WHAT TO PRODUCE.
For the data below, restate word for word only the lines from the line containing "PHOTO 1: Marble" through the line containing "中國(guó)烹飪協(xié", both ends included.

--- RECORDS SUPPLIED Enclosed Below ---

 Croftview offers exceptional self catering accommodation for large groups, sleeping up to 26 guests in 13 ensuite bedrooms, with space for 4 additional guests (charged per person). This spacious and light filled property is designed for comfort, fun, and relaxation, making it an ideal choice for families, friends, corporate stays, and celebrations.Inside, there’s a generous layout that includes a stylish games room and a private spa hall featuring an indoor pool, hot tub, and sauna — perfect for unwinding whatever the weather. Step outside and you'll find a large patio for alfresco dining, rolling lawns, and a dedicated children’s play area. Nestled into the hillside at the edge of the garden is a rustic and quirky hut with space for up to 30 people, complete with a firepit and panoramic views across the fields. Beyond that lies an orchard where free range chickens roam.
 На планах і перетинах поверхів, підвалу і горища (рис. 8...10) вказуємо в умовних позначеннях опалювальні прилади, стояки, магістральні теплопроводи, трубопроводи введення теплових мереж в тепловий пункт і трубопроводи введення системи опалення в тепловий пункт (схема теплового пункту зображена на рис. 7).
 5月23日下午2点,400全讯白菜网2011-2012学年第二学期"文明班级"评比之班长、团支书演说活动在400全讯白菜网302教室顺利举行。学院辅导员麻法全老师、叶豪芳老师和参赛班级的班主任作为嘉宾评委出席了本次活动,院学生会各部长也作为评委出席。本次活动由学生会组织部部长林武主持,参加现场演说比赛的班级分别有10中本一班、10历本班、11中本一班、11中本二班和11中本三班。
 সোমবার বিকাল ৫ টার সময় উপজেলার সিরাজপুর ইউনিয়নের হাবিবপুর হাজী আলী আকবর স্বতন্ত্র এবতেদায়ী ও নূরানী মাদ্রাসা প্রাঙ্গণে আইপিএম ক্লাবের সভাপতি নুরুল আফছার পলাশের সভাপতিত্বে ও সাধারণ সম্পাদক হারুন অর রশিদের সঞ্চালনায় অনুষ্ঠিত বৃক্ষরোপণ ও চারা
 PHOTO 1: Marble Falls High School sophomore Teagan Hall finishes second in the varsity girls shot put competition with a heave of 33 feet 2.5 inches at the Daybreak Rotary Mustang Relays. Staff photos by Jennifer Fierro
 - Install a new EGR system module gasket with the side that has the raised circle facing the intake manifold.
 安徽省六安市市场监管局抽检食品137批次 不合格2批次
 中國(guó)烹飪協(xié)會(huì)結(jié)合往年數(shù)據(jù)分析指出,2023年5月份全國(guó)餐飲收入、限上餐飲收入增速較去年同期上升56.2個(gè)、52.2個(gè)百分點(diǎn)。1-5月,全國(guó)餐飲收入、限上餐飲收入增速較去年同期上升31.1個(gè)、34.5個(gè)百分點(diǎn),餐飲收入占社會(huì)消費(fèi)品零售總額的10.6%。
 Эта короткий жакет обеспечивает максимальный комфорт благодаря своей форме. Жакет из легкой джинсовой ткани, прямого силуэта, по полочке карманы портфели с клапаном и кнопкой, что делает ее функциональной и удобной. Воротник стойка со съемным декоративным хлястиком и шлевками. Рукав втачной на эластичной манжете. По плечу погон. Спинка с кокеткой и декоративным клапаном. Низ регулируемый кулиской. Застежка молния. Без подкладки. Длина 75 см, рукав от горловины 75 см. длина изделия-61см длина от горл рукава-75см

--- End of Enclosed RECORDS SUPPLIED ---

EXERCISE RESPONSE.
 PHOTO 1: Marble Falls High School sophomore Teagan Hall finishes second in the varsity girls shot put competition with a heave of 33 feet 2.5 inches at the Daybreak Rotary Mustang Relays. Staff photos by Jennifer Fierro
 - Install a new EGR system module gasket with the side that has the raised circle facing the intake manifold.
 安徽省六安市市场监管局抽检食品137批次 不合格2批次
 中國(guó)烹飪協(xié)會(huì)結(jié)合往年數(shù)據(jù)分析指出,2023年5月份全國(guó)餐飲收入、限上餐飲收入增速較去年同期上升56.2個(gè)、52.2個(gè)百分點(diǎn)。1-5月,全國(guó)餐飲收入、限上餐飲收入增速較去年同期上升31.1個(gè)、34.5個(gè)百分點(diǎn),餐飲收入占社會(huì)消費(fèi)品零售總額的10.6%。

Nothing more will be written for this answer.